第36話「誘い」


 闇夜で冷やされた空気が僅かに登った朝日に照らされる頃、ラウ専属メイドの一人であるミリアは寝室から厨房へ移動していた。


 リズム良く刻まれる食材をわんへと移しながら、「ふふっ。本当に悪い子なんだから」と口に出す。


 彼女の側には使い魔であるクゥが台の上で座っており、器に盛られ、八等分に切られたリンゴを軽快な音を立てながら食べている。
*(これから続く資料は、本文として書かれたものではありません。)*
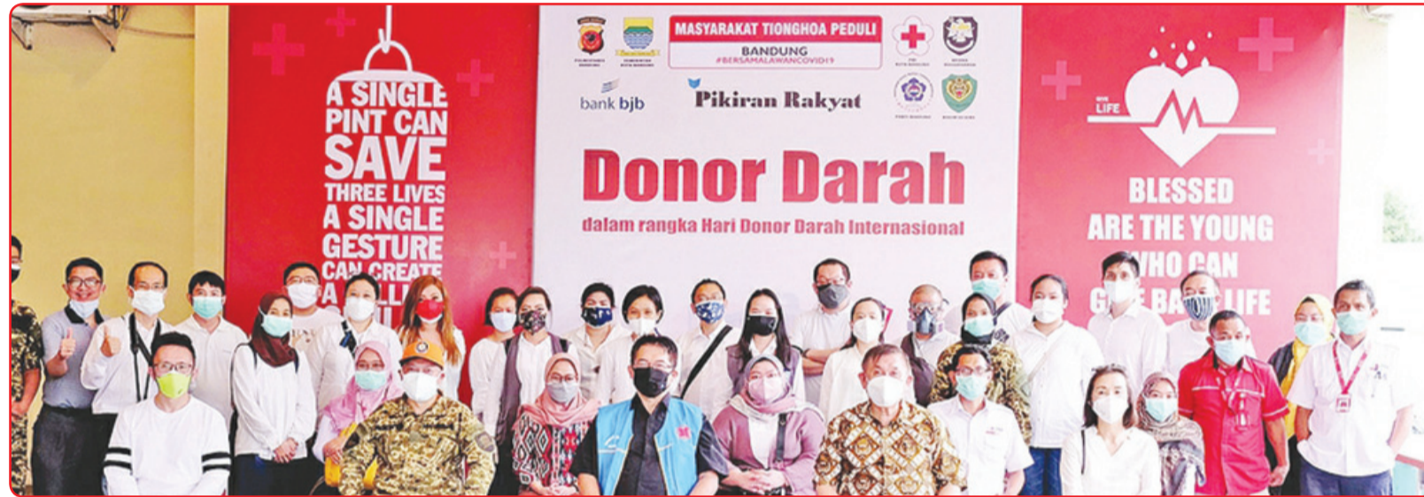
Panitia penyelenggara berfoto bersama pendukung acara dan para relawan.

komunitas Tionghoa masih bersedia keluar untuk melakukan donor darah guna membantu PMI juga membantu menyelamatkan nyawa para pasien yang membutuhkan transfusi darah," tambahnya.
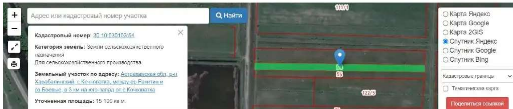
Фото №1. Общий вид участка со спутника на публичной кадастровой карте

Подсказка: Кликните на карте на любой участок или дом, чтобы проверить права собственности и обременения.
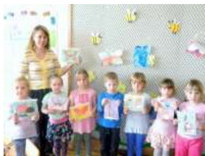
„Pužļu likšanas čempionāts”, 12.06.-30.06.2017.
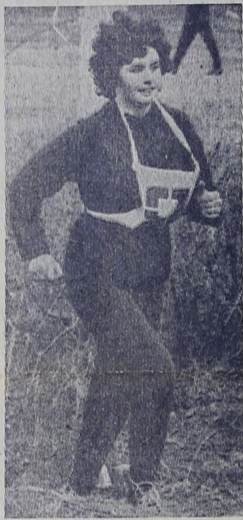
На дистанции кросса.
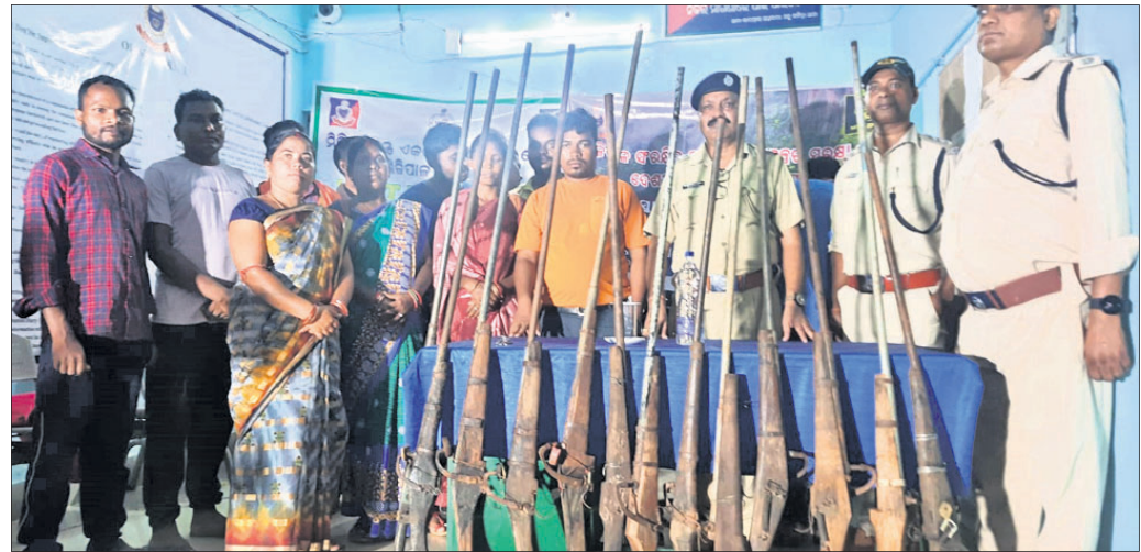
ମହୁଲଡ଼ିହା ଥାନା ଜମା ଦିଆଯାଇଥିବା ଦେଶୀ ବନ୍ଧୁକ ।

ଶିମିଳିପାଲର ସୁରକ୍ଷା ପାଇଁ ବନ୍ଧୁକ ସମର୍ପଣ ଅଭିଯାନରେ କିଛିଟା ସଫଳତା ମିଳିଛି । ପୋଲିସ ପକ୍ଷରୁ ଧାର୍ଯ୍ୟ ଶେଷ ତାରିଖରେ ମହୁଲଡ଼ିହା ଥାନା ଅଞ୍ଚଳର ଶିକାରୀମାନେ ମୋଟ ୧୮ ଠାକୁରପୁଣ୍ଡା ଥାନା ଅଞ୍ଚଳର ଶିକାରୀ ଗୋଟିଏ ଦେଶୀ ବନ୍ଧୁକକୁ ମିଶାଇ ମୋଟ ୧୯ ବନ୍ଧୁକ ନିଜ ନିଜ ପଞ୍ଚାୟତ ସରପଞ୍ଚମାନଙ୍କ ନିକଟରେ ସମର୍ପଣ କରିଛନ୍ତି । ଶିକାରୀମାନେ ଏତେ ସଂଖ୍ୟକ ବନ୍ଧୁକ ଫେରାଇବା ଘଟଣା ଆଗାମୀ ଦିନରେ ଶିମିଳିପାଲ ସୁରକ୍ଷା ଦିଗରେ ସହାୟକ ହେବ ବୋଲି ବନ ବିଭାଗ ଆଶାବ୍ୟକ୍ତ କରିଛି ।

「真っ黒なスライム……、魔物の身体にすら影響を与えるなんて。ラウはやる事が予想出来ないよ」


 クゥは嬉しそうに笑みを浮かべる主人ミリアを見ては、いつものことと視線を戻し、彼女が熱烈な愛を注ぐラウが眠る寝室へ視線を向けた。


 昨夜から現在に至るまで、ラウは迷宮で見つけた魔物を片っ端から狩りに狩り、その魔石を全て『スラ』と名付けた黒いスライムに食べさせていた。


 あまりの数にクゥ自身把握しきれていないが、広大な階層を五つも潜り、その行き帰りで遭遇した魔物全てを魔石に変えたと言えば、その異常性が分かるだろう。
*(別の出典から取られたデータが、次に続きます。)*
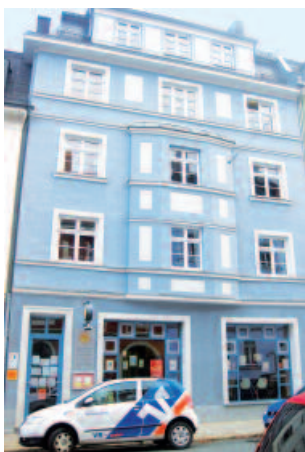
Jugendhilfe- und Mehrgenerationenhaus

Gründerzeitliches, innenstadtnahes Wohnviertel
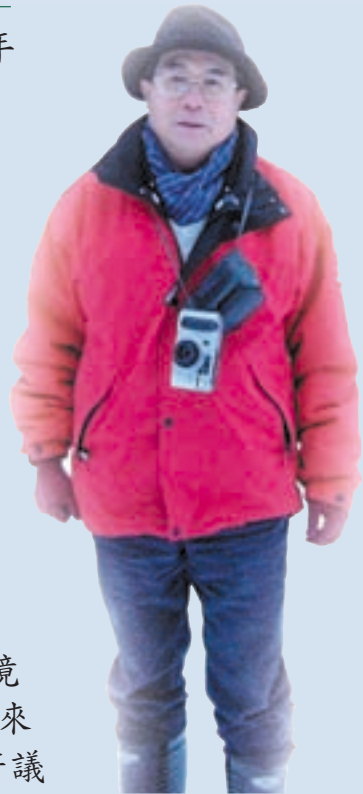
民國94年3月雪，攝於場部前

為提升旅遊品質，引進統一企業進駐，提供多元服務，締造營運另一高峰，民國92年榮獲行政院頒發「行政院服務品質獎—善用社會資源」，完成場區英語生活環境建置，94年獲行政院研考會評列為「優等」，完成國民賓館整修，改建草原太陽能表演台，整治園區內廢棄管線，還清境一個清淨空間，積極協商自來水公司興辦清境之自來水業務，刻由經濟部水利司及自來水公司評估研議中，辦理ROT促參案，獲行政院頒發「清境農場旅遊服務中心民間參與營運招商ROT案績效卓著」獎。
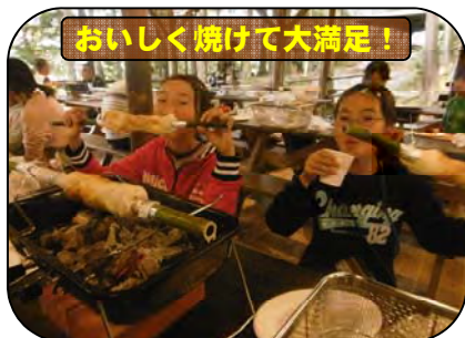
おいしく焼けて大満足!
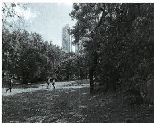
Fig. 22. Vista de la vegetación entronque Hipódromo.
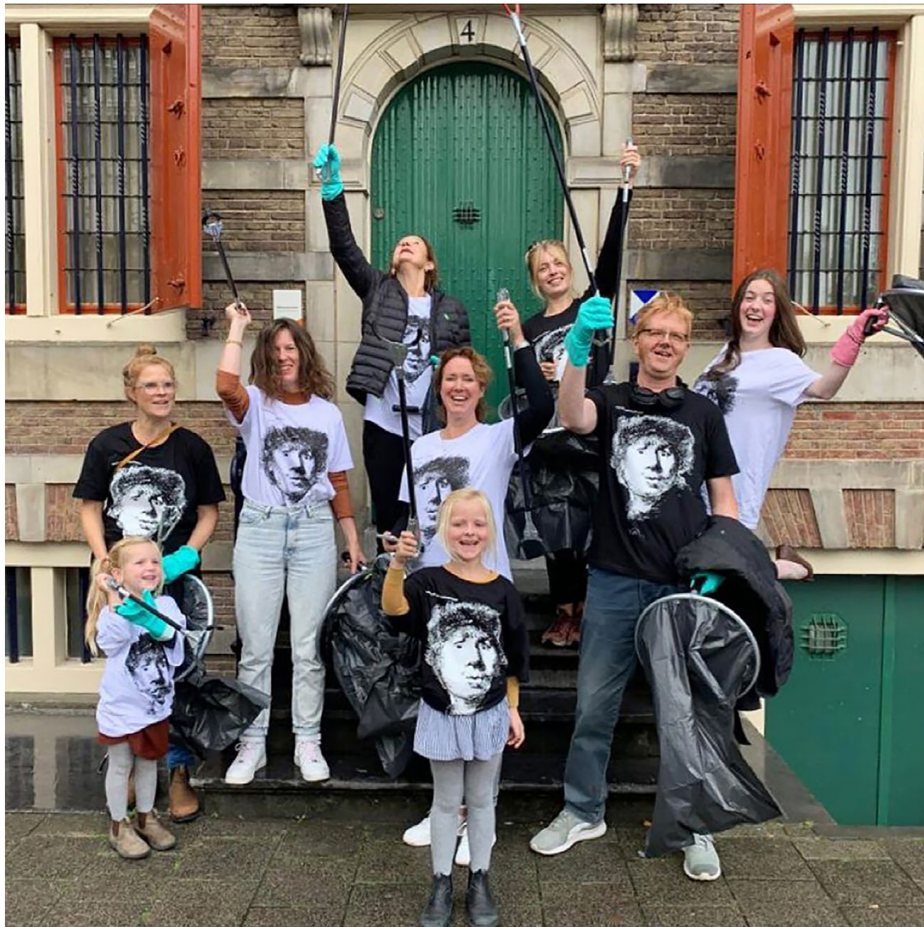
WORLD CLEANUP DAY

men wou meer weten over Saskia, Rembrandts buurt en wie Rembrandt naast zijn kunstenaarschap was. De tweede groep panelleden bestond uit podcastmakers, verhalenvertellers, een dramaturg en een regisseur. Met hen keken we vooral naar de flow van het verhaal, de personages en de boodschap. Tot slot zijn we nog een keer samengekomen met beide panelgroepen om het eindresultaat te beluisteren. Iedereen was heel tevreden met het eindresultaat.
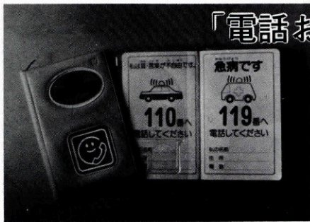
(手帳の贈呈は、NTT長門支店)

この手帳は、耳や言葉の不自由な人が緊急に電話をする必要が出来たとき、この手帳を示して、代わりに電話をお願するものです。もしあなたに、電話お願手帳が示され電話の依頼を受けたら、快く引受け代わりに電話をかけてあげてください。
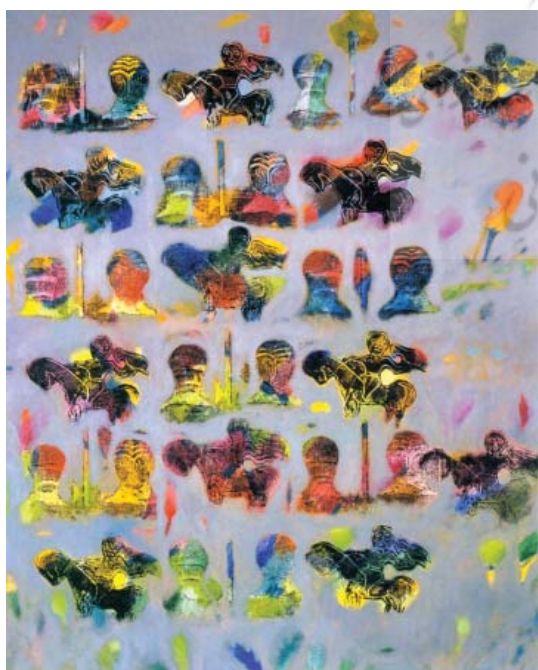
تصویر ۱۱- بدون عنوان، اثر حبیب توحیدی، شیوه چاپ: آکرلیک

تاثیر و کاربرد چاپ حکاکی در هنر نقاشی معاصر ایران را میتوانیم در نمایشگاه‌های بین المللی و دوسالانه‌های ارتباط تصویری،
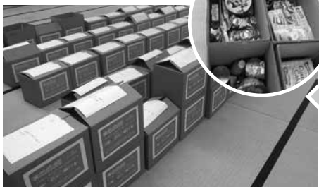
お届け箱に丁寧に詰められた支援品
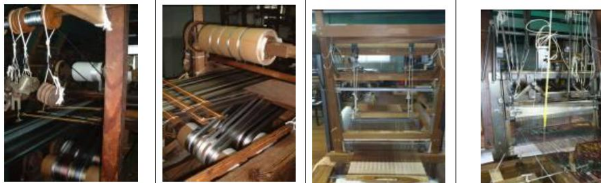
図表 3 手織り機～各機で違った帯ができあがる～

工場内には、手織り、機械織り合わせて 20 台の機(はた)を保有。機を変えることで、一人の職人が数種類の帯を製造することが可能である。特に、手織りの機を数多く保有し稼働させていることが特徴である。同社製造の手織りの帯の特徴は、「絹鳴り」の音にあるものと考えている。この「絹鳴り」の音と独特の結び味は、密度の高い経糸(たていと)と太い緯糸(よこいと)、さらに上質な絹糸ゆへの醍醐味と言える。武士や庶民の実用の帯として発展した博多織は、今ではデザインも多様化され、使いやすく、結びやすく、そして美しい帯として製造されている。
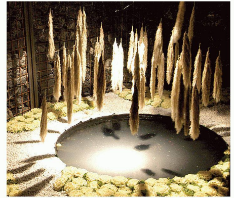
01–03 Grüner, roter und schwarz-weisser Garten (Bilder: Franziska Huber/Schellenberg Gartenbau, Bülach)

«Grüner Garten», «roter Garten», «schwarz-weisser Garten» – eine Umfriedung aus Gabionenwänden bildet das Grundelement der drei Gartenkreationen der Landschaftsarchitektin Franziska Huber.
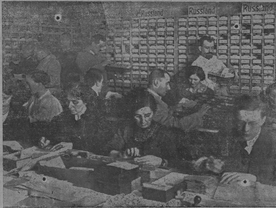
Oficinas de información de las tropas alemanas que se encuentran prisioneras, instaladas en Berlín.

Seamos amigos y buenos vecinos; pero no a tanta costa.
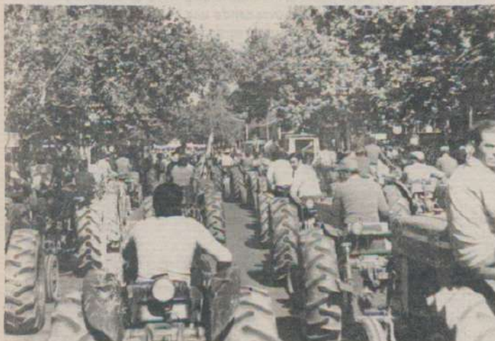
La movilización de los productores con sus herramientas por los caminos de la provincia, es una forma de lucha para hacer oír sus reclamos.
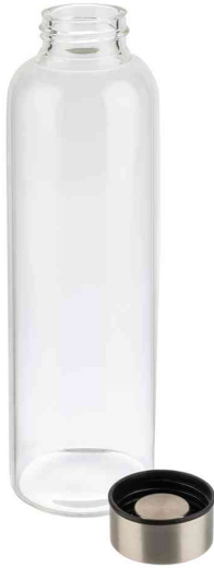
Trinkflasche, aus Glas
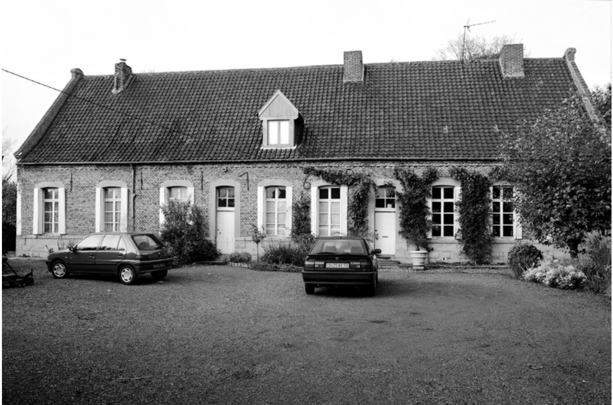
Vue générale du logis.

 何故なら、普通の冒険者は間違ってもそんな事はしない。そんな事をすれば必要以上の体力を使い、倒せる魔物も倒せなくなる。


 そんな、探検どころか命の危険をおかす方がおかしい。


 けれど、彼女はそんな冒険者の中—————特に迷宮に潜る冒険者達の中では常識とすら言える事を軽々と超えてしまう。


 無論、それでラウの身に危険が及ぶと判断したのならミリア達が介入するだろう。


「にゃ、けぷっ」

「ふふっ、お腹いっぱいになった?」

「にゃー」


 皆んなが起きる前に戻らなくてはいけなかった為に、屋敷を出てからクゥの案内で戻ってくるまで、そこまで時間は掛かっていない。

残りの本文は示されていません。